This scenario is relevant for businesses that need to process images.
Potential applications include classifying images for a fashion website, analyzing text and images for insurance claims, or understanding telemetry data from game screenshots. Traditionally, companies would need to develop expertise in machine learning models, train the models, and finally run the images through their custom process to get the data out of the images.
By using Azure services such as the Computer Vision API and Azure Functions, companies can eliminate the need to manage individual servers, while reducing costs and leveraging the expertise that Microsoft has already developed around processing images with Cognitive Services. This example scenario specifically addresses an image-processing use case. If you have different AI needs, consider the full suite of Cognitive Services.
Relevant use cases
Other relevant use cases include:
- Classifying images on a fashion website.
- Classifying telemetry data from screenshots of games.
- Classifying images for insurance claims.
This scenario covers the back-end components of a web or mobile application. Data flows through the scenario as follows:
- The API layer is built using Azure Functions. These APIs enable the application to upload images and retrieve data from Cosmos DB.
- When an image is uploaded via an API call, it's stored in Blob storage.
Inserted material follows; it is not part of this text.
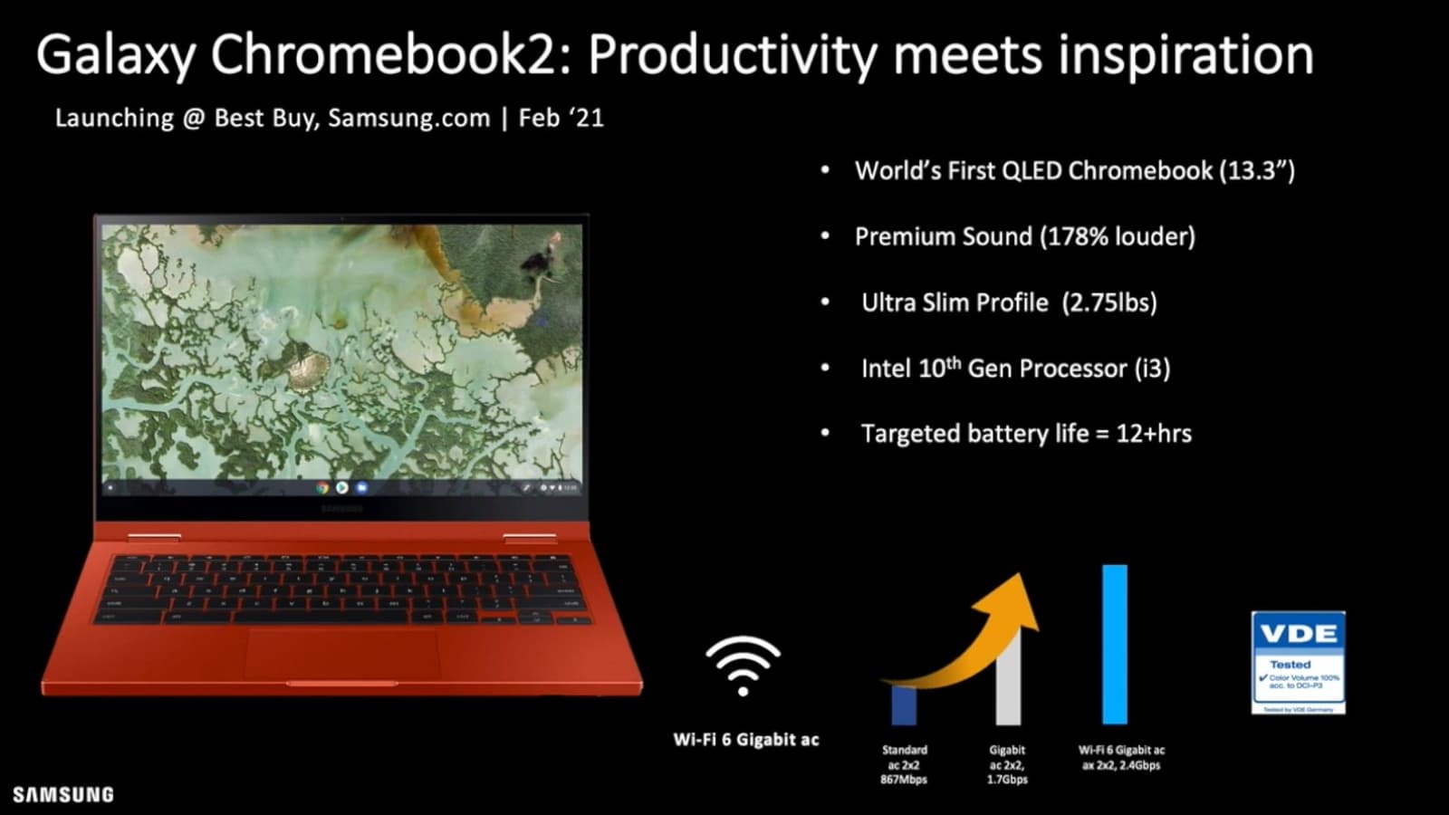 Также говорится, что Galaxy Chromebook 2 будет иметь 13,3-дюймовый QLED-дисплей и станет первым хромбуком с таким экраном. Оригинальный Chromebook Galaxy компании был оснащен дисплеем 4K AMOLED. Новинка будет иметь тонкий корпус массой 1,2 кг. Устройство также будет оснащено процессором Intel Core i3 10-го поколения и премиальный звуком (заявлено, что он будет на 178% громче, чем оригинальная модель).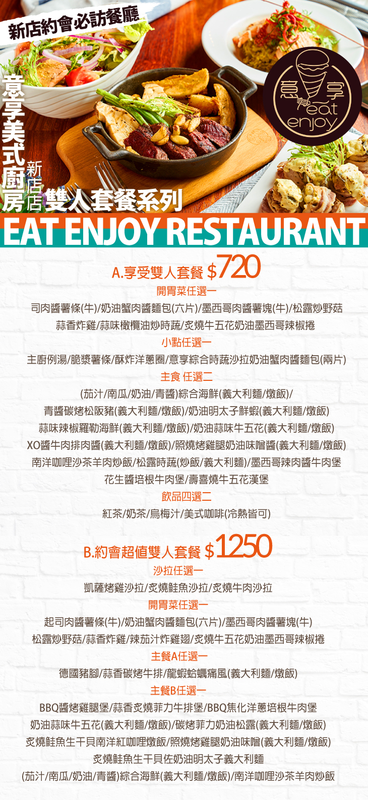 「eat enjoy 意享美式廚房」創店至今已有數年,提供多樣豐富的餐點選擇,義大利麵、燉飯、披薩、漢堡、早午餐,皆由掌廚多年的主廚獨家研究開發,不使用加工半成品,這是eat enjoy對於料理的堅持與熱誠,並針對不同的季節推出當季水果限定法式甜點,帶給顧客更豐富的味蕾體驗!「EAT ENJOY」顧名思義,希望顧客們能夠恣意地享受美食,對於想單純享受午後悠閒時光的顧客,這裡絕對是最佳去處,同時也是寵物友善餐廳,歡迎帶毛小孩的麻吉一起前往享樂喔!

- Adding new files to Blob storage triggers an Event Grid notification to be sent to an Azure Function.
- Azure Functions sends a link to the newly uploaded file to the Computer Vision API to analyze.
- Once the data has been returned from the Computer Vision API, Azure Functions makes an entry in Cosmos DB to persist the results of the analysis along with the image metadata.
- Computer Vision API is part of the Cognitive Services suite and is used to retrieve information about each image.
- Azure Functions provides the back-end API for the web application, as well as the event processing for uploaded images.
- Event Grid triggers an event when a new image is uploaded to blob storage. The image is then processed with Azure functions.
- Blob storage stores all of the image files that are uploaded into the web application, as well any static files that the web application consumes.
- Cosmos DB stores metadata about each image that is uploaded, including the results of the processing from Computer Vision API.
- Custom Vision Service. The Computer Vision API returns a set of taxonomy-based categories. If you need to process information that isn't returned by the Computer Vision API, consider the Custom Vision Service, which lets you build custom image classifiers.
- Cognitive Search (formerly Azure Search). If your use case involves querying the metadata to find images that meet specific criteria, consider using Cognitive Search. Currently in preview, Cognitive search seamlessly integrates this workflow.
- Logic Apps. If you don't need to react in real-time on added files to a blob, you might consider using Logic Apps. A logic app which can check if a file was added might be start by the recurrence trigger or sliding windows trigger.
The majority of the components used in this example scenario are managed services that will automatically scale. A couple of notable exceptions: Azure Functions has a limit of a maximum of 200 instances. If you need to scale beyond this limit, consider multiple regions or app plans.
You can provision Cosmos DB to autoscale for SQL API only. If you plan to use other APIs see guidance on estimating your requirements, see request units in our documentation. To fully take advantage of the scaling in Cosmos DB, understand how partition keys work in Cosmos DB.
NoSQL databases frequently trade consistency (in the sense of the CAP theorem) for availability, scalability, and partitioning. In this example scenario, a key-value data model is used and transaction consistency is rarely needed as most operations are by definition atomic. Additional guidance to Choose the right data store is available in the Azure Architecture Center. If your implementation requires high consistency, you can choose your consistency level in Cosmos DB.
For general guidance on designing scalable solutions, see the performance efficiency checklist in the Azure Architecture Center.
Managed identities for Azure resources are used to provide access to other resources internal to your account and then assigned to your Azure Functions. Only allow access to the requisite resources in those identities to ensure that nothing extra is exposed to your functions (and potentially to your customers).
For general guidance on designing secure solutions, see the Azure Security Documentation.
All of the components in this scenario are managed, so at a regional level they are all resilient automatically.
For general guidance on designing resilient solutions, see Designing resilient applications for Azure.
To explore the cost of running this scenario, all of the services are pre-configured in the cost calculator. To see how the pricing would change for your particular use case, change the appropriate variables to match your expected traffic.
We have provided three sample cost profiles based on amount of traffic (we assume all images are 100 kb in size):
- Small: this pricing example correlates to processing < 5000 images a month.
- Medium: this pricing example correlates to processing 500,000 images a month.
- Large: this pricing example correlates to processing 50 million images a month.
For a guided learning path, see:
- Build a serverless web app in Azure.
- Classify images with the Custom Vision service
- Use AI to recognize objects in images by using the Custom Vision service
- Classify endangered bird species with Custom Vision
- Classify images with the Microsoft Custom Vision Service
- Detect objects in images with the Custom Vision service
Before deploying this example scenario in a production environment, review recommended practices for optimizing the performance and reliability of Azure Functions.